Japan’s brilliance carries holders through to QFs

Vancouver, B.C – Japan showed once again why they are the defending World Cup Champions, controlling their match against the Netherlands from start to finish in a 2-1 victory in front of of 28,717 fans at BC Place that sends them to the quarterfinals of the Women’s World Cup.

Netherlands created few opportunities and failed to convert when they had chances. Japan’s depth and winning mentality was too strong on the day. The quarterfinal matches are all set. Japan will face a familiar opponent, Australia, on Saturday in Edmonton, Alberta.

Mizuho Sakaguchi scored the game-winning goal on Tuesday in a masterclass team effort by Japan:

Saori Ariyoshi opened the scoring for Japan in the 10th minute, collecting the ball after a poor clearance from the Dutch following a shot that caressed the crossbar.

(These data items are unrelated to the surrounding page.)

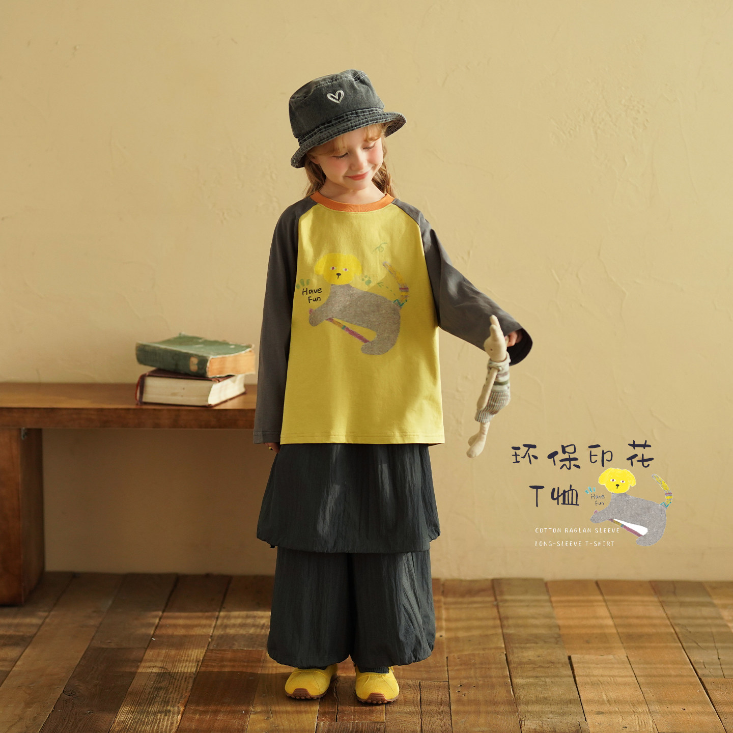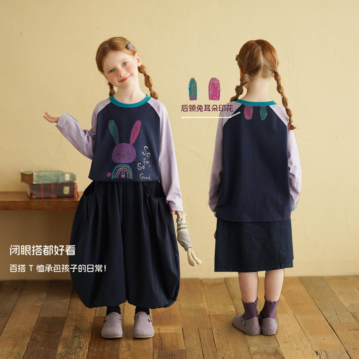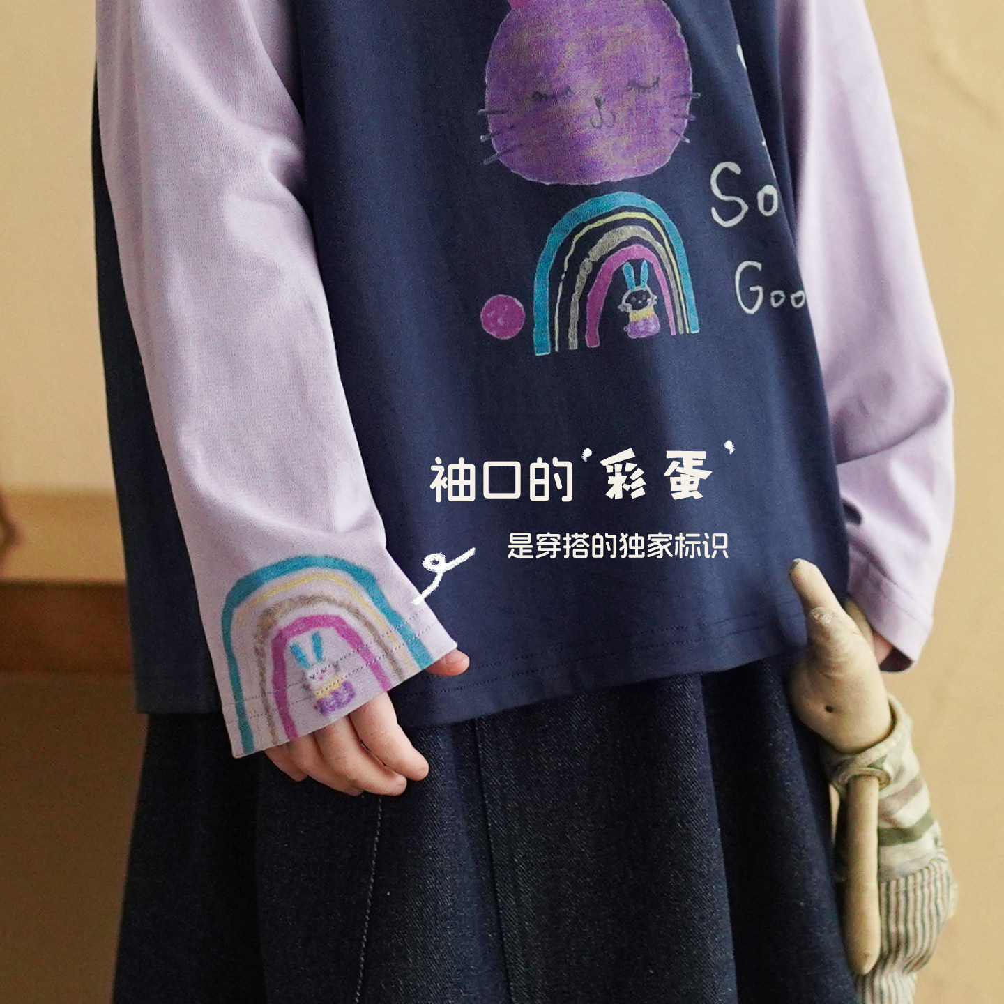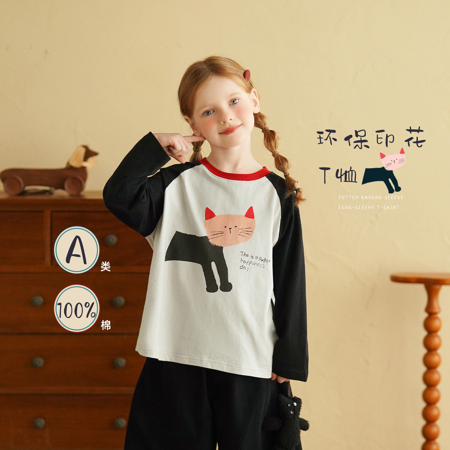 砚台家女童长袖T恤原创插画2026春装新款儿童薄款纯棉插肩袖上衣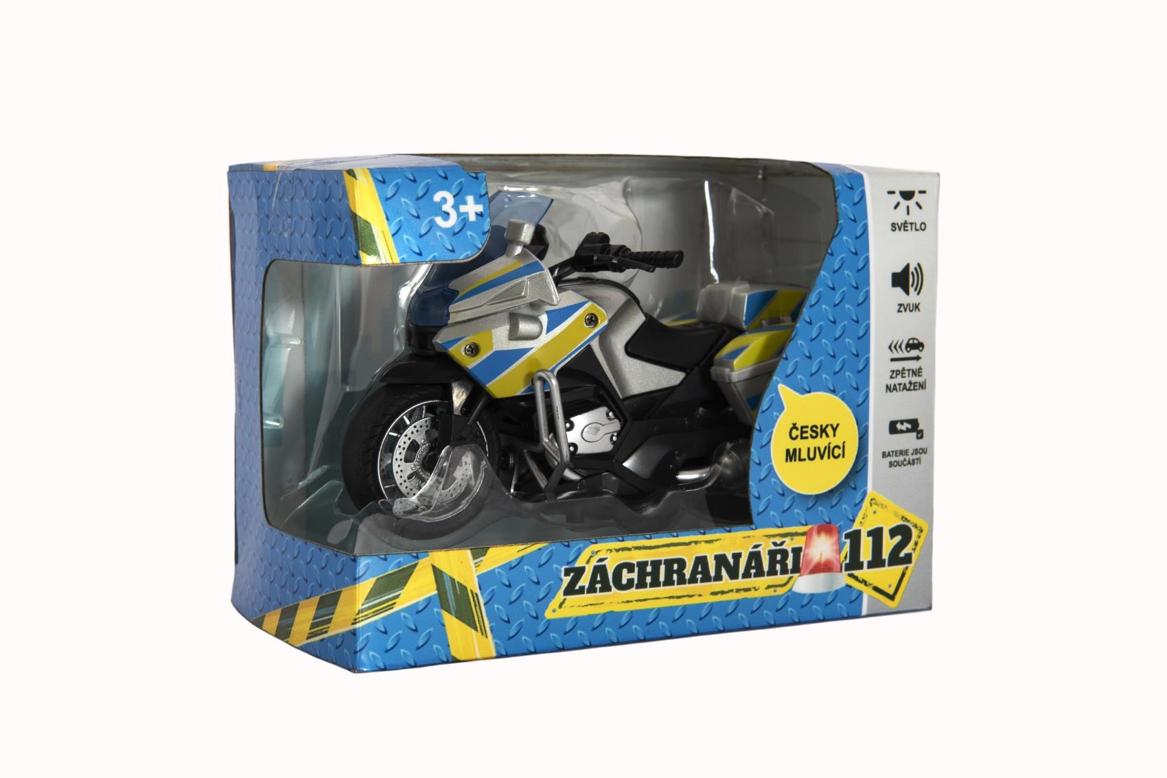 Този реалистичен модел на полицейски мотор е идеален за малки почитатели на пътната служба. Благодарение на комбинацията от метални и пластмасови части играчката е издръжлива и в същото време безопасна за детска игра. След изтегляне моторът потегля сам, а при натискане на задното колело започва да свети, да вие и да говори на чешки – забавлението е гарантирано.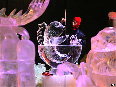 مجسمه ساز اهل لتونی در حال کار کردن روی مجسمه يخی خود در نمايشگاه عصر يخ در شمال شرق آلمان. |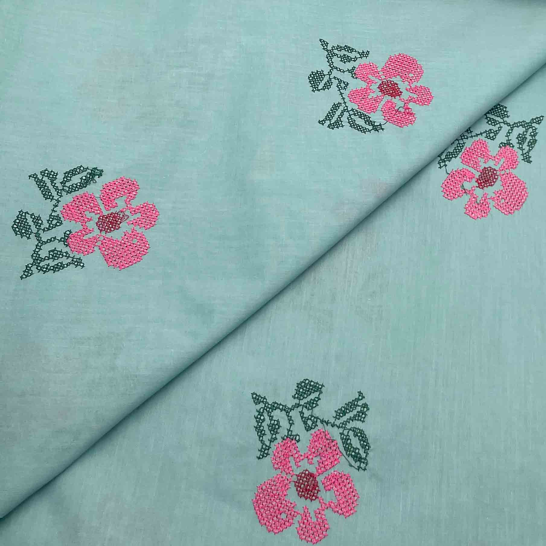 Multihead embrioidery on pure thick cotton fabric. This all over pattern is suitable for all your all season designing needs.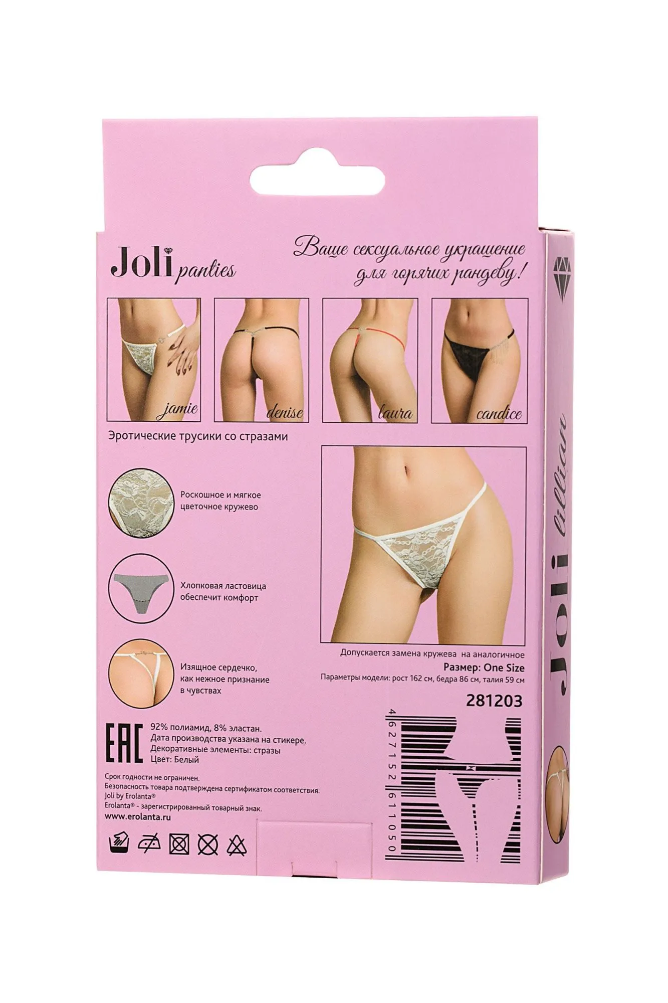 Joli panties – ваше сексуальное украшение для горячих рандеву! Новая линейка романтичного белья Joli (в пер. с французского красивая) радует глаз элегантными деталями и нежными материалами европейского качества. Миниатюрные трусики выполнены из кружева с цветочным орнаментом. Нежные и невесомые, с хлопковой ластовицей и мягкими лямками обеспечат комфорт. Нежное признание в виде изящного сердечка у основания ягодиц расскажет о ваших чувствах к партнеру. Joli panties – выбери украшение для обольщения!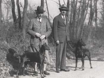 Полицейский доберман-пинчер Треф. Один из первых доберманов на службе в РоссииДоберманы стали пользовались популярностью в качестве телохранителей и охранников. Продолжил дело «отца породы» Отто Геллер. Он занимался смягчением характера добермана и весьма в этом преуспел. Что положительно повлияло и на дальнейшее распространение их по всей Европе и потом в мире. Именно благодаря ему мы сейчас знаем доберманов такими, какие они есть. хорошими, добрыми и послушными собаками. Кстати, в Россию доберманов привезли в 1902 году и конечно они сразу стали популярными розыскными собаками.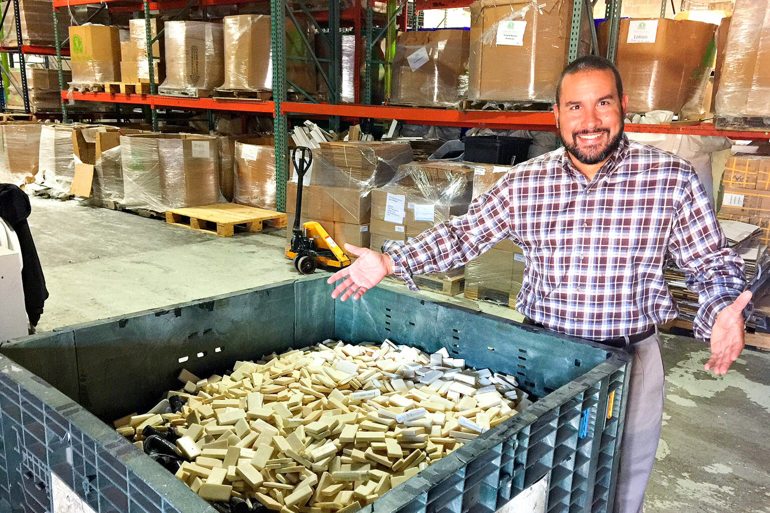 The first and largest plant is in Orlando; others are in Las Vegas, Hong Kong, Montreal and India. The bins arrive in the giant, fragrant warehouses. There the hotel soaps meet reject soaps from cosmetics bigwigs like Unilever. Workers then melt down the soap, reform it, and pack the new bars into boxes that they send to NGOs and charities like the Red Cross and Salvation Army.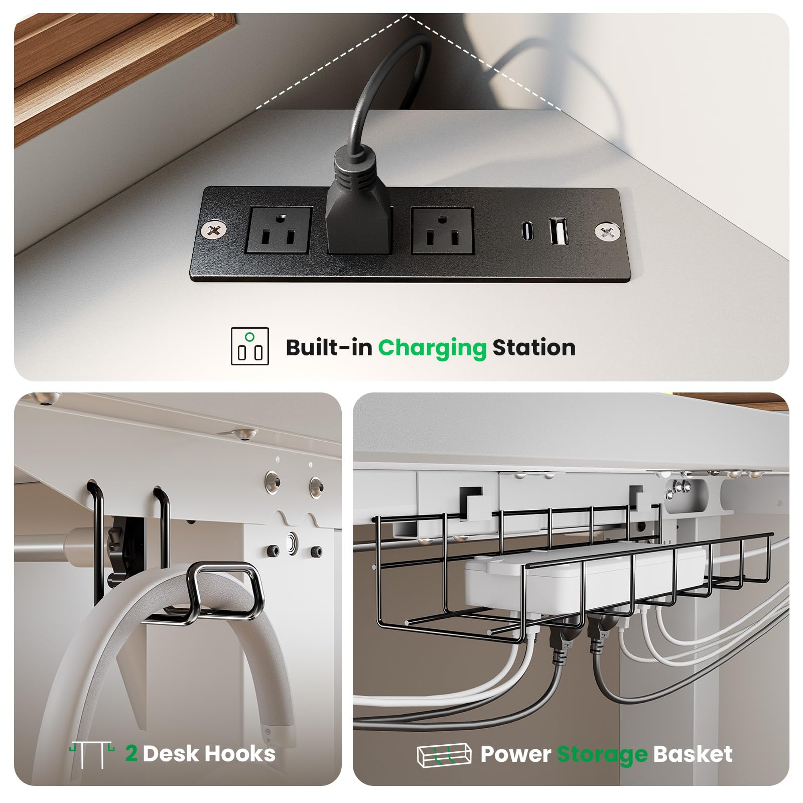 【Enjoy Easy and Convenient Charging】The L-shaped standing desktop features 3 AC outlets and dual USB fast-charging ports (Type-A/C) for all your devices. Built-in cable management with two headphone hooks keeps wires organized, maintaining a clean workspace effortlessly.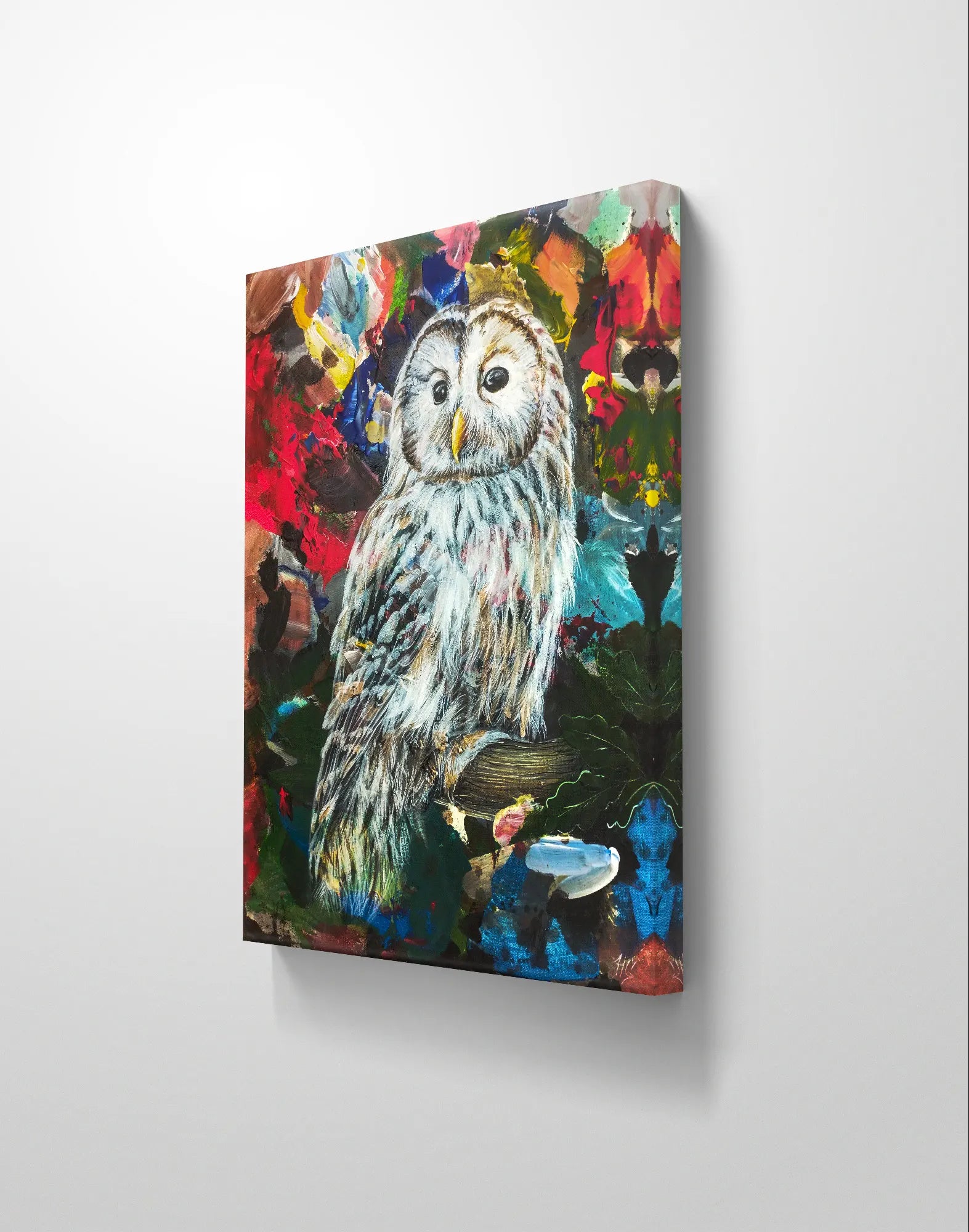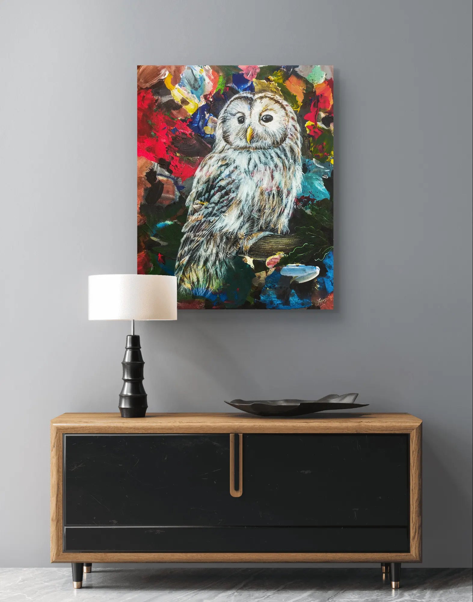Inspiriert von der natürlichen Anmut und Weisheit des Waldkauzes strahlt dieses Bild Lebensfreude und Wärme aus. Die farbenfrohe Komposition lädt zum Lächeln ein und verschönert jedes Zuhause, Büro oder jede Galerie nachhaltig.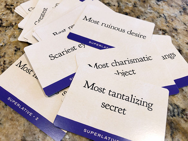 Scene rounds work similar to the quest round. To start, the Storyteller draws three phrase cards, three superlative cards, and chooses one of each. So a phrase might be “Like all great cowards” with the superlative being “Most destructive character flaw”. The superlative is important because it creates the condition that players will score each other’s scenes on. The phrase itself is required to be in the scene players write. Once all players are ready, they have five minutes to write their scene.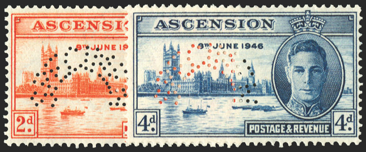 Ascension 1946 Victory 2d and 4d, perforated 'SPECIMEN' (type D21), SG48s/9s.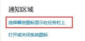 3、然后在右侧的通知区域下点击“选择哪些图标显示在特派团董事会上”。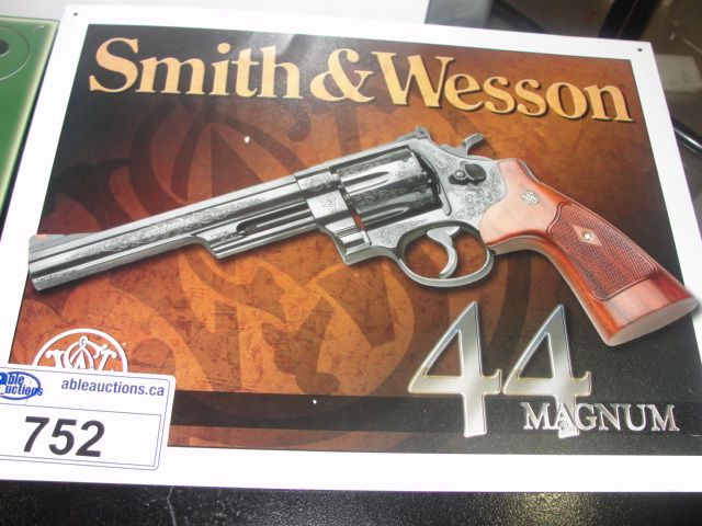 NOSTALGIC TIN ADVERTISEMENT SIGN - SMITH AND WESSON 44 MAGNUM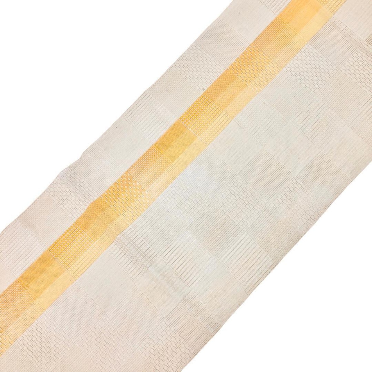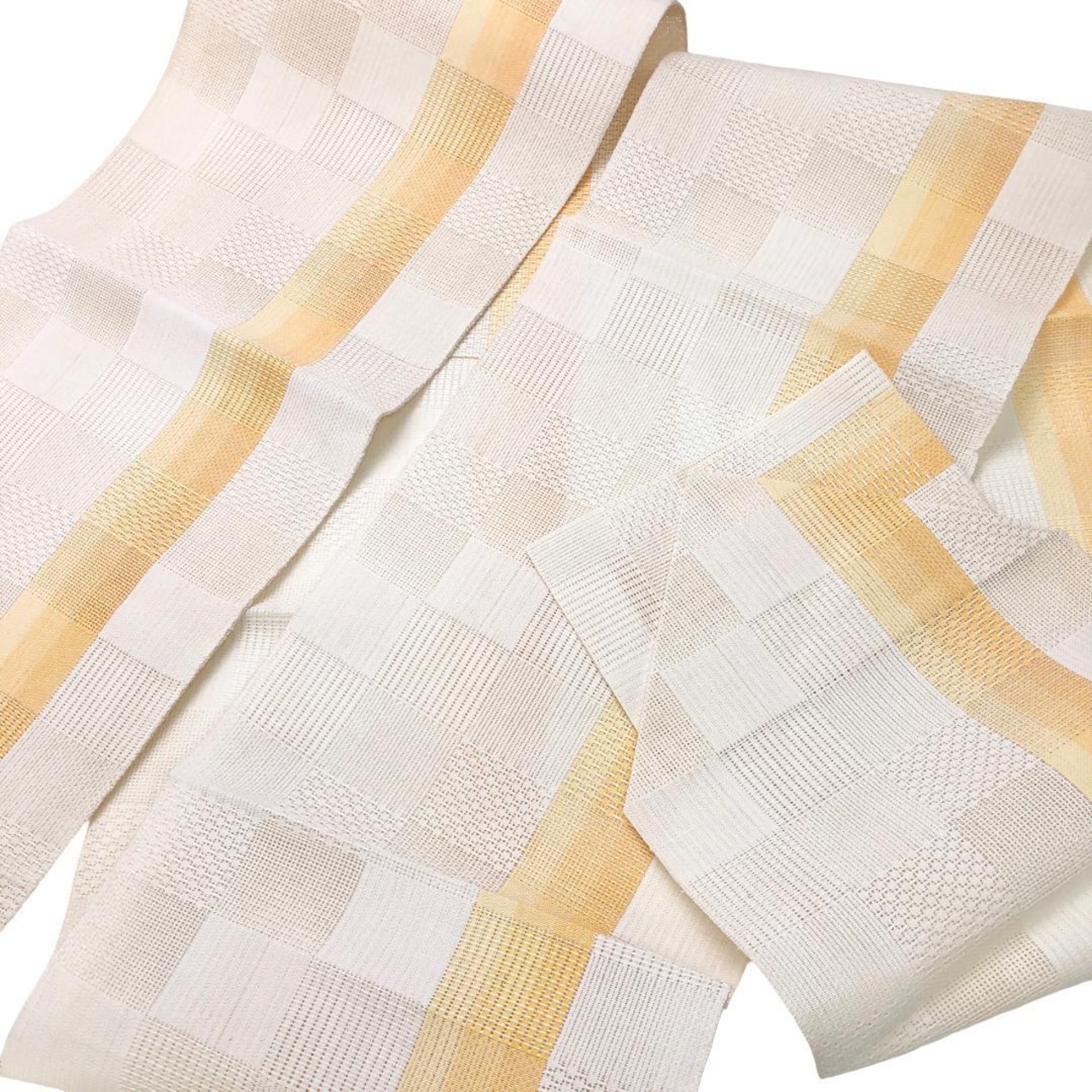 夏帯 名古屋帯 市松柄 縦縞模様 乳白色 O-5056 着物 きもの kimono 和服 和装 中古 リサイクル着物 【送料無料】

Yuki Ogimi had a fantastic match for the Nadeshiko and looks forward to playing the Aussies.

“It’s easy and at the same time very difficult to face. We haven’t lost against Australia for a couple of matches so we can take advantage of that.”

Japan and Australia have a long rivalry and a history of close matches with each other. Both teams know each other very well. There will be no secrets or upper hand between the Asian Football Confederation foes. Japan coach Norio Sasaki briefly touched on playing The Matildas in the quarterfinals.

“There a completely different team, technically superior,” he said. “I must say they have great potential. We need to make sure we play well.”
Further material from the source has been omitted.